John Doe is a Black, male teenager from North Lawndale. He is in the Chicago Police Department (CPD)’s controversial gang affiliation database. He has a petty rap sheet, with four drug-related arrests in four years. He was recently beaten up, though has never been arrested for a violent crime or gun violence, and has never been shot. There are 240 other “gang affiliated” people in the city of Chicago with similar profiles, who have been the victims of at least one assault recently and have as many or more narcotics arrests as John. But among these people, John Doe stands out— he has been given a perfect score by the CPD’s Strategic Subject List.

The Strategic Subject List is based on an algorithm the CPD uses to predict how likely it is that an individual will be involved in a shooting in the near future, as either shooter or victim.
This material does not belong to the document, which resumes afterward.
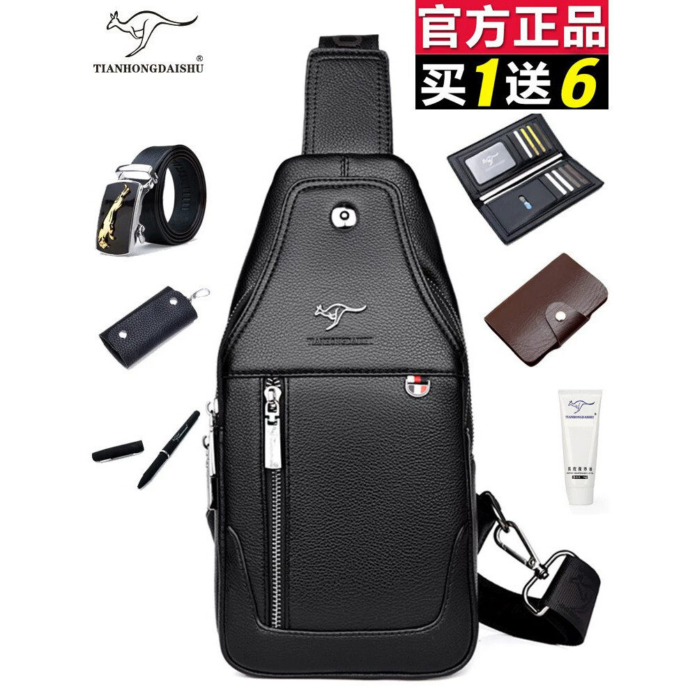 帅桐袋鼠胸包新款平板包真皮男包休闲单肩背包牛皮包小胸前斜挎包
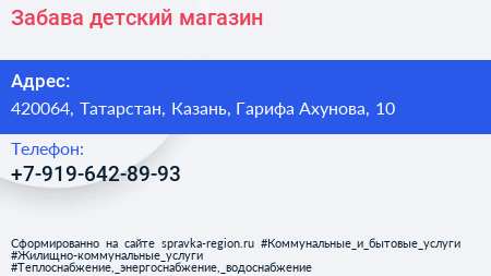Забава, детский магазин по адресу 420064, Татарстан, Казань, Гарифа Ахунова, 10 в дальнейшем Организация, размещена в следующих категориях:

After large raids, the CPD regularly announces how many of the people they arrested were on the List, and last August, CPD Superintendent Eddie Johnson said that the department knows that those on the List “drive violence in the city.” However, there are only 153 people with a perfect score of 500, which marks them at the most extreme possible level of risk for gun violence. So why is John Doe among those people?

We know about John Doe (and the four other individuals with perfect scores who have never been shot or arrested for violent crimes or gun offenses) because the CPD recently released a year-old, anonymized version of the List— its largest step toward transparency in the seven years since the CPD began work on the project. But there are still giant gaps in the information released about the algorithm behind the List, and civil rights organizations like the ACLU of Illinois have expressed concern about what they claim is a disturbing lack of transparency regarding both the algorithm and the potentially harmful ways the scores are actually used by the police department.
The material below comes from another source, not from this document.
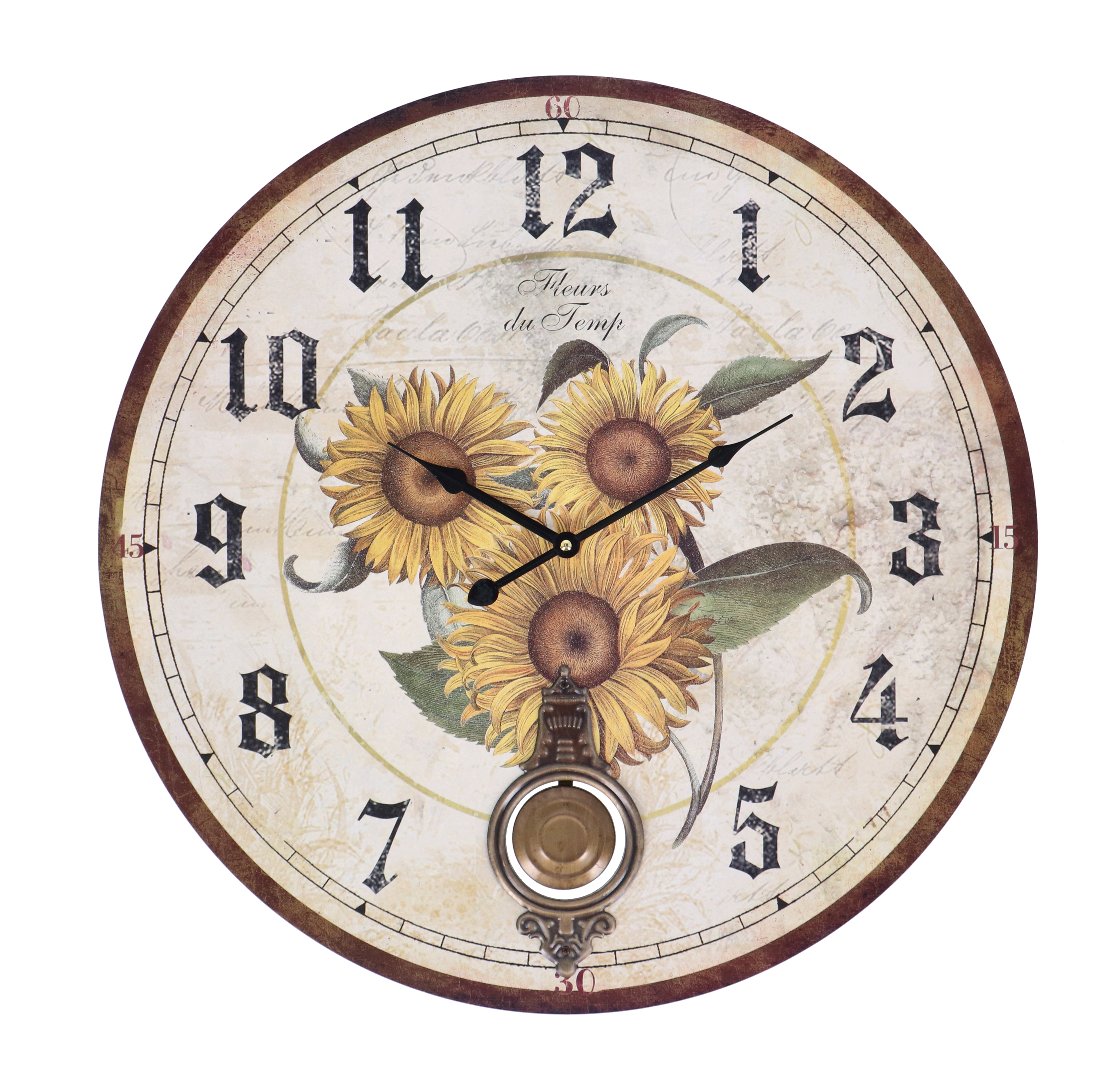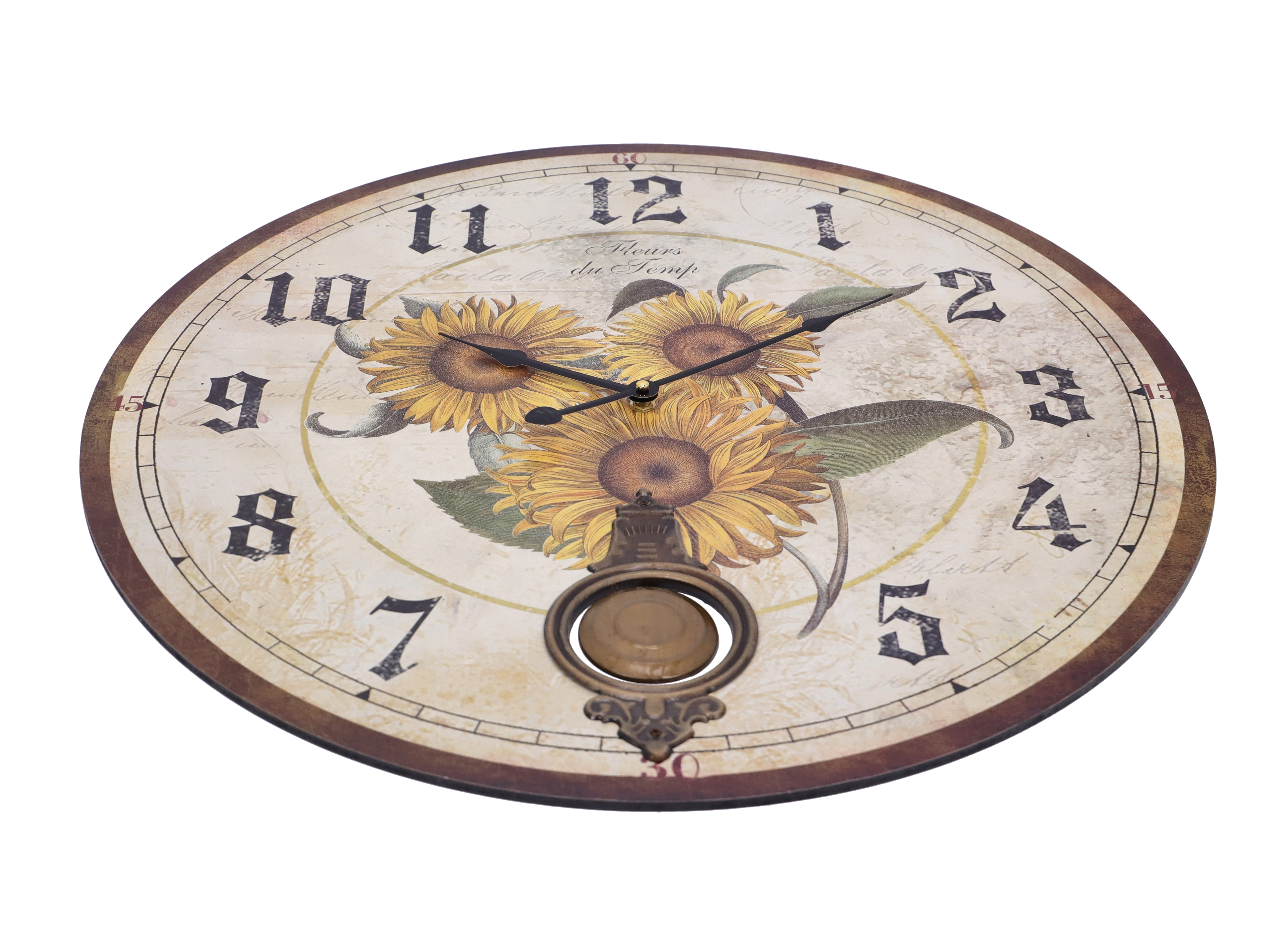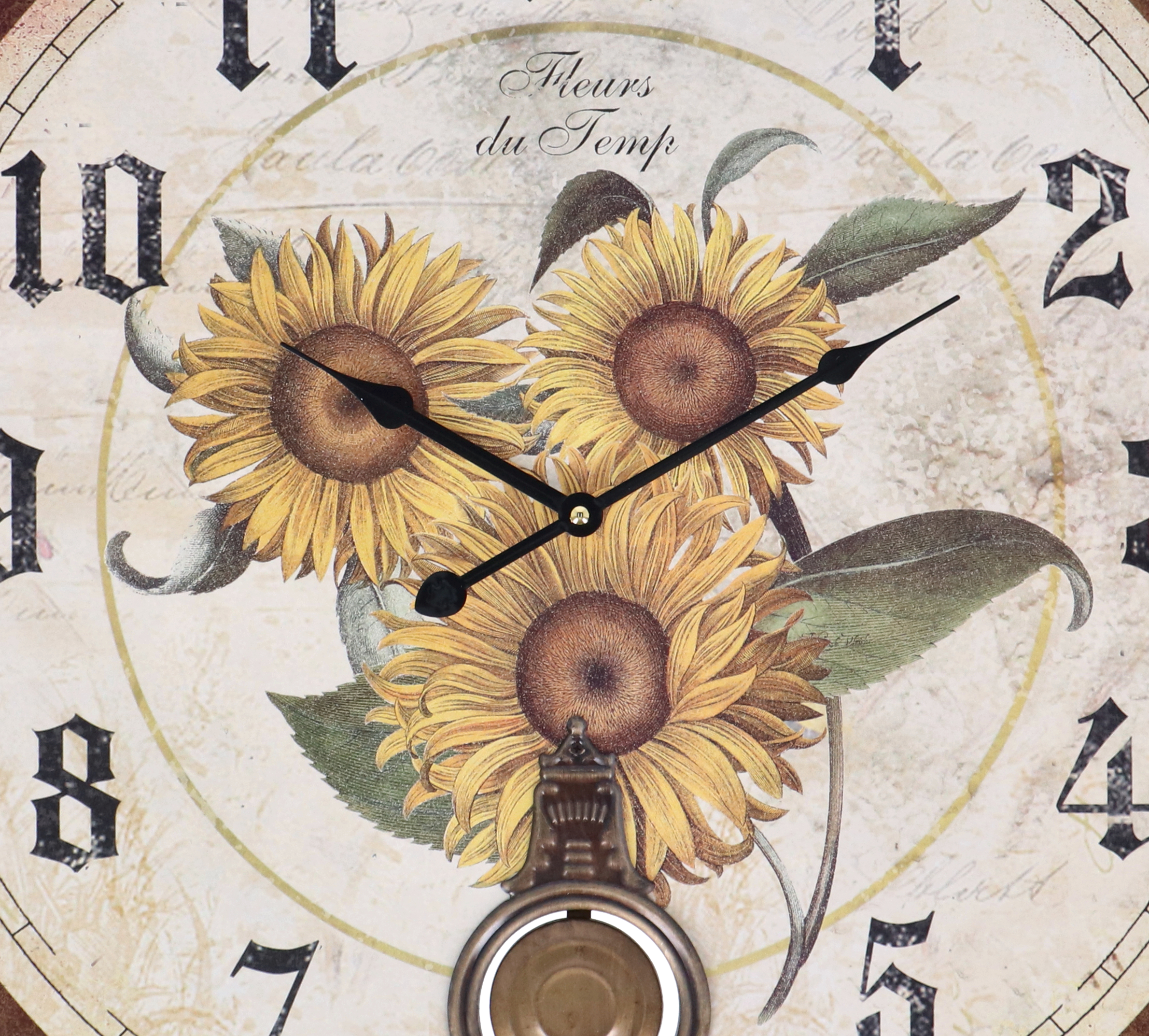 Il quadrante poi, di un colore beige, presenta una stampa di una fantasia floreale di girasoli e si completa con un pendolo dal gusto retrò al centro.

There are almost 400,000 people on the List. Being arrested is the only way to get on the List. Every person who has been arrested in the past four years is on the List and has been assigned a score. Given demographic data about people who are arrested by the CPD, the majority of people on the List are Black. According to Miles Wernick, the Illinois Institute of Technology engineering professor who designed the algorithm and continues to test and update it for the CPD, the purpose of the algorithm is not to predict the risk levels of everyone on the List precisely. Rather, it is meant to draw attention to a “very small group of people who are at extreme levels of risk because their recent involvement in crime is so, so high.” He analogizes it to a search engine, one that can comb through massive amounts of information and determine what might be important. “For instance, in a city, you may not realize that a certain person has been shot on several different occasions in the past six months. If you wanted to do something to prevent them from dying, it would be helpful to know who they are,” he said, adding that the scores are meant as “just a way to suggest to [officers and others using the List] what’s the situation out there.”
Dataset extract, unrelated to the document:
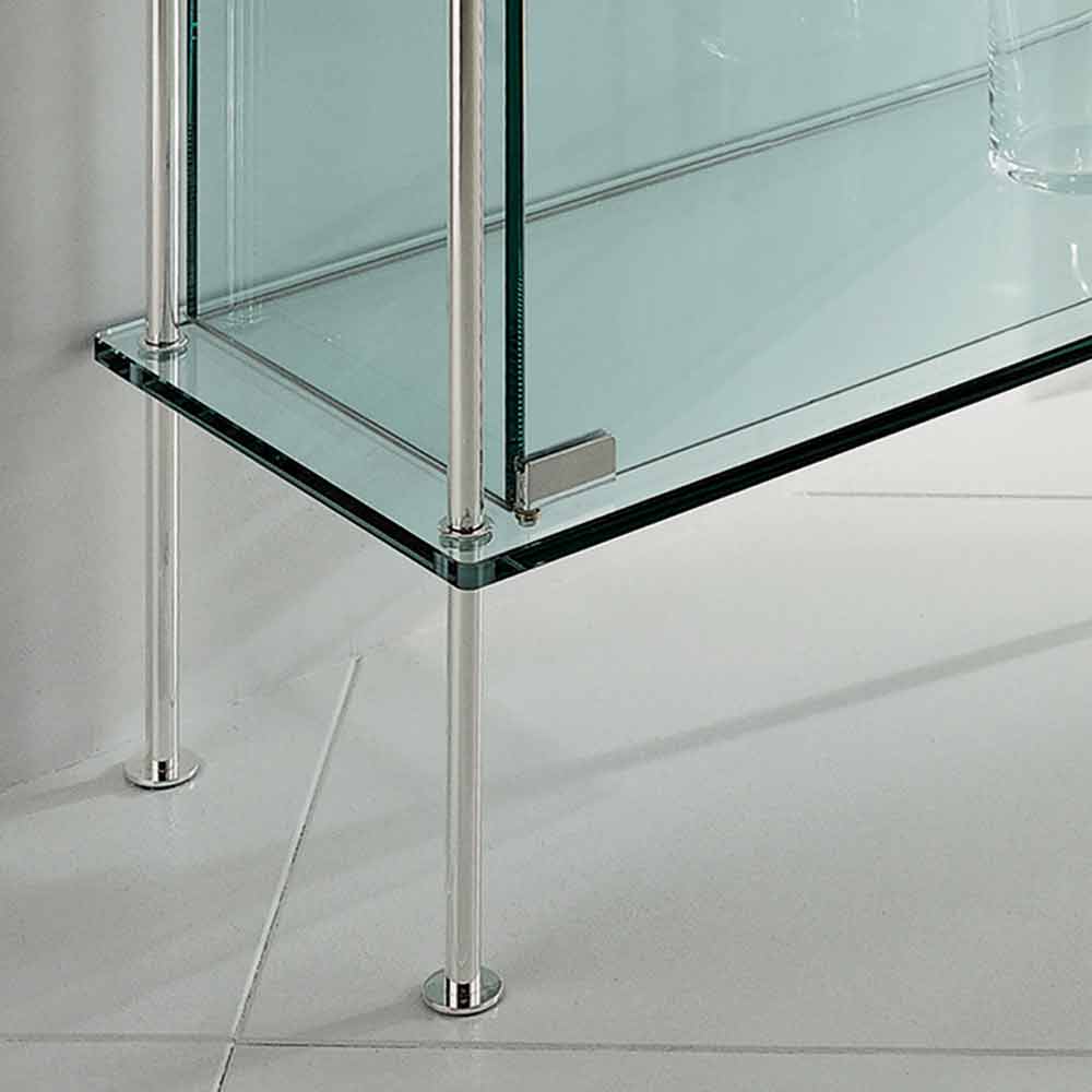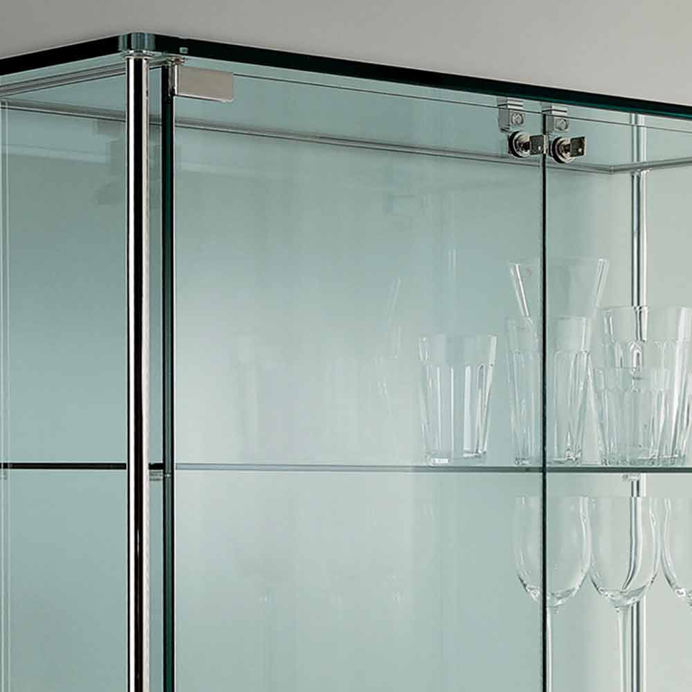 O expositor de duas portas é feito inteiramente de vidro temperado transparente com fechamento e suportes de metal em aço inoxidável.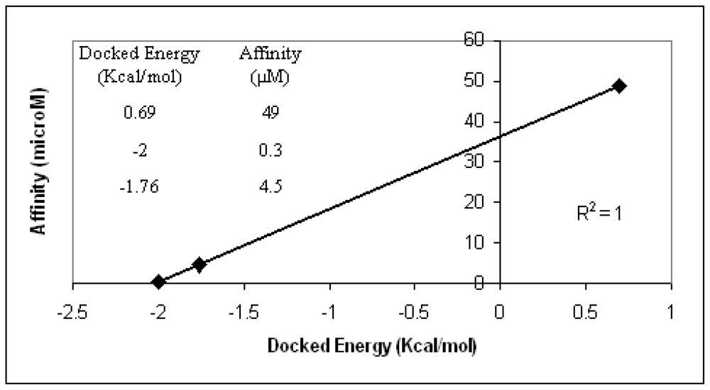 The AutoDock3 program was used for docking the above ligands into the binding areas of dimer12 and dimer28. The three ligands were not properly allocated by the program when dimer12 was considered. It means that no favorable conformations enabling interactions between each ligand and the two Ca2+ ion of interest were found. Optimal ligand conformations interacting with the two Ca2+ ions were found, instead, in the case of dimer28. Moreover, docking energy scores obtained for such conformations are in optimal agreement with the experimental affinity data (Figure 3). Based on the above validation check, the model that most realistically fits the experimental affinity trends is dimer28.

The score is calculated by a two-step process. First, every individual has a risk score derived based on the following seven factors:

Age at most recent arrest (the younger the age, the higher the score)
Incidents where victim of a shooting
Incidents where victim of an assault or battery
Violent crime arrests
Unlawful use of weapons arrests
Narcotics arrests (Wernick claimed that this is the least impactful variable, and does not seem to matter that much to the model)
Trend in criminal activity (essentially whether or not an individual’s rate of criminal activity is increasing or decreasing)

These categories have changed over time. For instance, gang affiliation has long been one of the factors, but was removed in the most recent iteration as Wernick said he found it had little impact on the score. These are all then weighted so that the more recent an incident is, the more impact it has on the score. Wernick said that individual arrest and victimization patterns from the past few months are what matter most to the score. The algorithm has never explicitly used attributes like race, gender, or location. Wernick also says that he has statistically tested the algorithm for racial bias, and found that it gives people with the same risk the same score, regardless of race—in other words, according to Wernick, it does not have a pattern of overestimating or underestimating the risk level of a given race.

The second step is then to adjust the scores based on people’s associations. More specifically, if two people have been arrested together and one of them has a high score, it can affect the other person’s score. The reasoning behind this, according to Wernick, is that people who regularly commit crimes together are likely to have situations which are more similar than their arrest and victimization records might suggest. For instance, in a case where Person A and Person B have been arrested together a lot, they clearly know each other well and run in similar circles. If Person A has been shot twice and Person B has only been shot once, the first step of the algorithm might think Person A is at substantially higher risk. But Wernick says that the fact that Person A has been shot more than Person B is likely just a matter of chance.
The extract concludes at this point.